Second, the dGPU market either grows, then more players will join the market (like intel), or it declines, and if it does it's because dGPUs will be replaced by iGPU solutions.

So no monopoly whatsoever, either way.

A company does not need to own the entire market to be considered monopolistic or to be wielding "monopolistic powers" as the FTC would put it.

Ultimately it comes down to how much influence a company has over the market, if customers are being harmed, if competition is being stifled, ect.

Nvidia has essentially complete control over not only the dGPU market but also adjacent markets like software integrations, APIs, and even has it's tech integrated into monitors and mice.
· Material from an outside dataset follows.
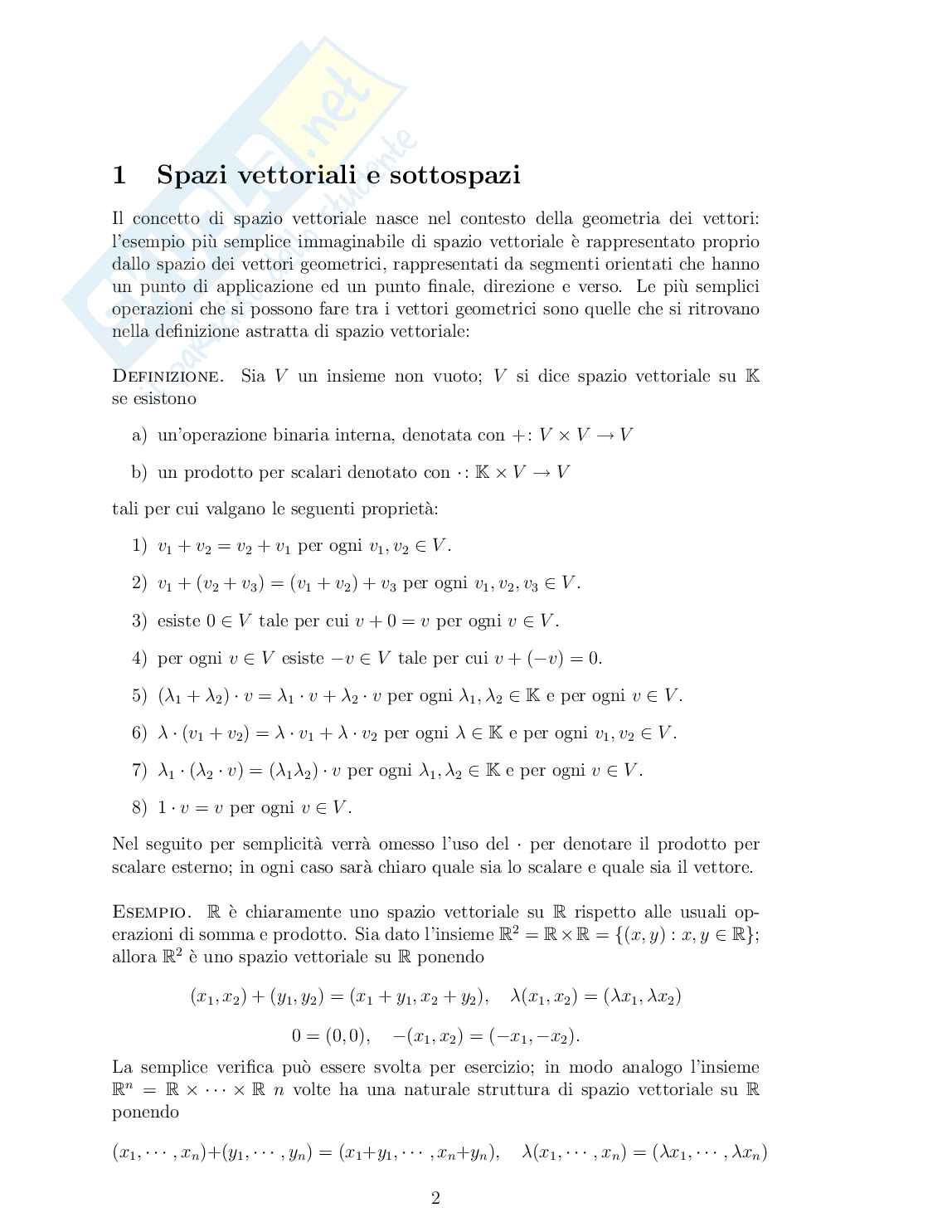 Sia V un insieme non vuoto; V si dice spazio vettoriale su

There is plenty of evidence of customers being harmed too just from the price hikes alone, but also the eroding value they are receiving, being locked into Nvidia's ecosystem (this especially applies to CUDA), planned obsolescence (low RAM), and being forced to update because Nvidia is gating new features that could run on old cards off to new products only. 3000 series had power spikes and feed noise back into the 12vsense pin that Nvidia didn't feel the need to fix until 4000 series. 4000 series had crap connectors that was addressed months after launch with no options for existing customers to trade-in their cards.
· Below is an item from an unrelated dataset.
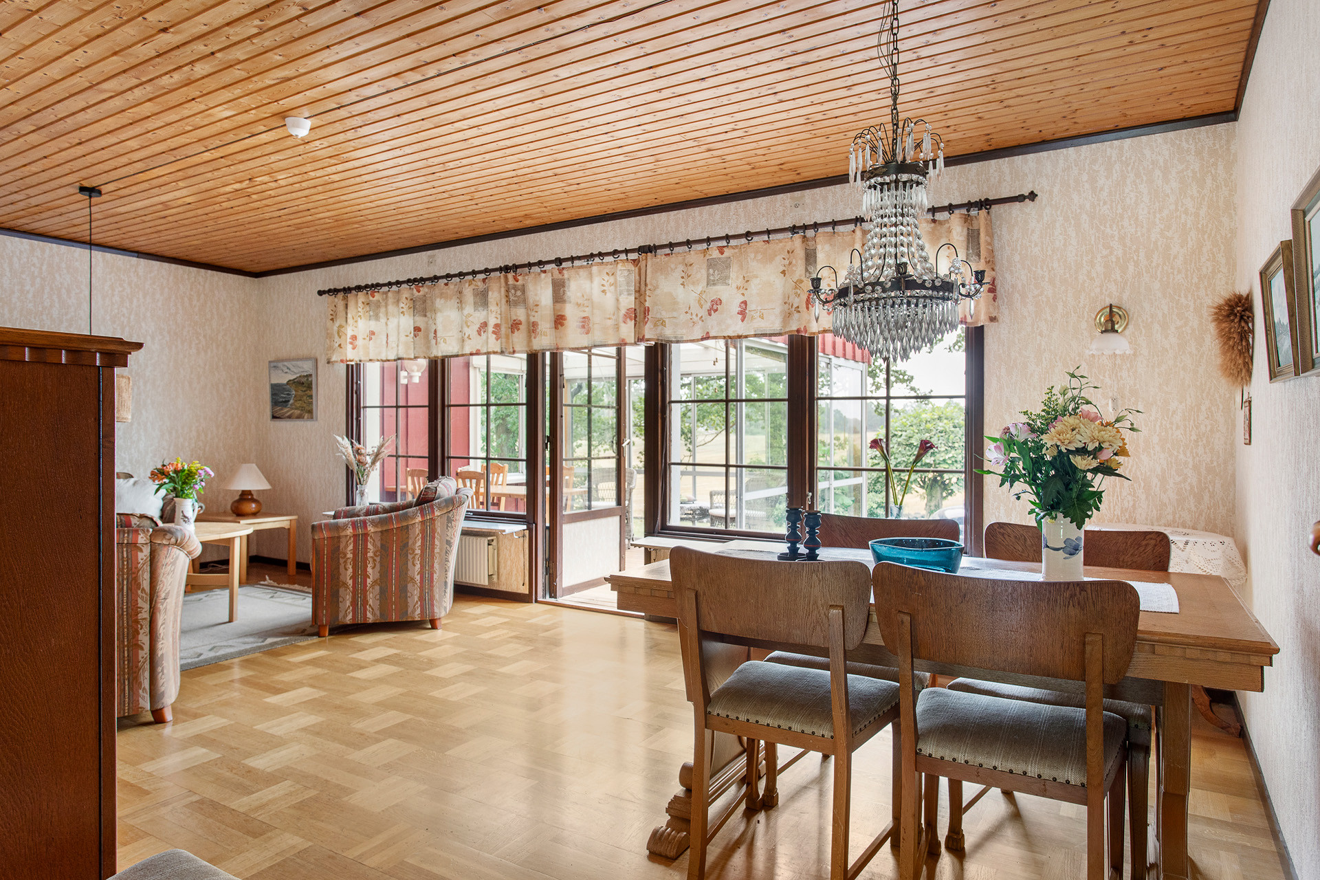 On the property, there is also a double garage and two parking spaces by the house. To get to the house, you drive past a horse paddock where you might be greeted by proud horses if you're lucky. At the back on the terrace, you look out over meadows where red deer or even the occasional moose are not uncommon visitors.

Competition is absolutely being stifled as well. Nvidia coerces it's partners to disadvantages it's competitors in the gaming and AI spaces and the constant march of Nvidia software lock-in makes it extremely hard for anyone to enter the market or for competitors. Anyone that wants to hop into the market has to deal with the disadvantage that they won't be able to use any locked-down features, which hurts both customers and competition.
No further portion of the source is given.